Their workhorse loom is the Saori SX60. The Saori CH60 and the rest of the Saori line are no longer manufactured, so replacing or scaling up the fleet isn’t an option. Accessories and adaptive add-ons for Saori can only be used with Saori looms, which makes DIY hacks and 3D-printed alternatives the realistic path forward.
The practice itself is process-based, not product-based. Misao Jo created the Saori loom in Japan after recovering from illness, and the point was never perfect fabric. “Mistakes by virtue of who we are” is how it was put to us during training. The framing Intertwine comes back to: the world should be accessible because everyone gets disabled at some point.
The looms Intertwine Arts uses today
- Saori SX60 floor loom. Their main loom. Several models are in rotation but SX60 is the primary.
- Schacht Cricket table loom. 10″ and 15″. A rigid heddle loom, simpler than the Saori.
- Frame looms. Multiple models for drop-in sessions.

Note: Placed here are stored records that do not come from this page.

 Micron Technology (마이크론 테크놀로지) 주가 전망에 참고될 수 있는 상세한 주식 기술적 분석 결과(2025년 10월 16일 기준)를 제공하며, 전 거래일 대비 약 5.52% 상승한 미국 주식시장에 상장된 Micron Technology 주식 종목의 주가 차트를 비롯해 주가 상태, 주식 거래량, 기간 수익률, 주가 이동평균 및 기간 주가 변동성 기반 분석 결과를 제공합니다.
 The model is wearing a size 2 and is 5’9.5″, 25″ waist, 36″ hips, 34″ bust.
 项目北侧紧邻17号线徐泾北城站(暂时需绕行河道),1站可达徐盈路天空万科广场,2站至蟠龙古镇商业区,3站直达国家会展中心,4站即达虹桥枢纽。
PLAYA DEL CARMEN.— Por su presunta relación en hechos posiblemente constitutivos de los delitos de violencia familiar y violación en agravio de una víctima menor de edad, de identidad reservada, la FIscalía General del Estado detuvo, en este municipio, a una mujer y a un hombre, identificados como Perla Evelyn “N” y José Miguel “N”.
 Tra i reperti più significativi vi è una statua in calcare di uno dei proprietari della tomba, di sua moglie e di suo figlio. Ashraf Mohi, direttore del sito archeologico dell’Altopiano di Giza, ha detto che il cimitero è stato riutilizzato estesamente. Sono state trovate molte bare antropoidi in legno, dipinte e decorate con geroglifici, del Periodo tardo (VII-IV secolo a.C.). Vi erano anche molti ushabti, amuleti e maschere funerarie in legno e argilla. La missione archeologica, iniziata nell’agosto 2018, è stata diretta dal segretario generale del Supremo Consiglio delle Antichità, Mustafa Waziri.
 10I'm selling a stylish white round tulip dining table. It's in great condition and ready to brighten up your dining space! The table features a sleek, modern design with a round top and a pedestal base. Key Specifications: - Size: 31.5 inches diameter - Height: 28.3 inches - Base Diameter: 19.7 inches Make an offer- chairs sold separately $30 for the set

- Cardboard and paper-plate looms. DIY, used for intro workshops where portability matters more than output.
Who needs to be involved
Getting this kind of tool into someone’s hands takes a lot of people:
- Intertwine Arts, the nonprofit that runs the workshops. Danaleah manages the program and the teaching artists.
- Teaching artists. Twelve of them, running fourteen programs in a typical week. They adapt each session to whoever is in the room.
- Community partners. YAI (adults with cognitive disabilities), Heartshare, Visions, Lincoln Hill Senior Center.
- The Saori lineage. Misao Jo in Japan; Loop of the Loom in NYC continues the practice. Saori is protective of the name, so anything built for non-Saori looms has to stand on its own.
- Our team: We met Danaleah for the first intro meeting in February 2026, visited the Weave In, Weave Out exhibit on March 5, and did a shortened teaching-artist training the day after.
What Intertwine Arts is looking for in a loom
For a new portable 3D-printed loom
- Portable. It needs to move between sites across four or five boroughs. If it doesn’t fit in a tote bag or roll cleanly, it won’t make it to the workshop.
- Able to attach and swap in different assistive features. Different participants have different needs. A fixed design that fits one person won’t fit the next. Handles, pedals, shuttles, and winders should all be swappable on the same base loom.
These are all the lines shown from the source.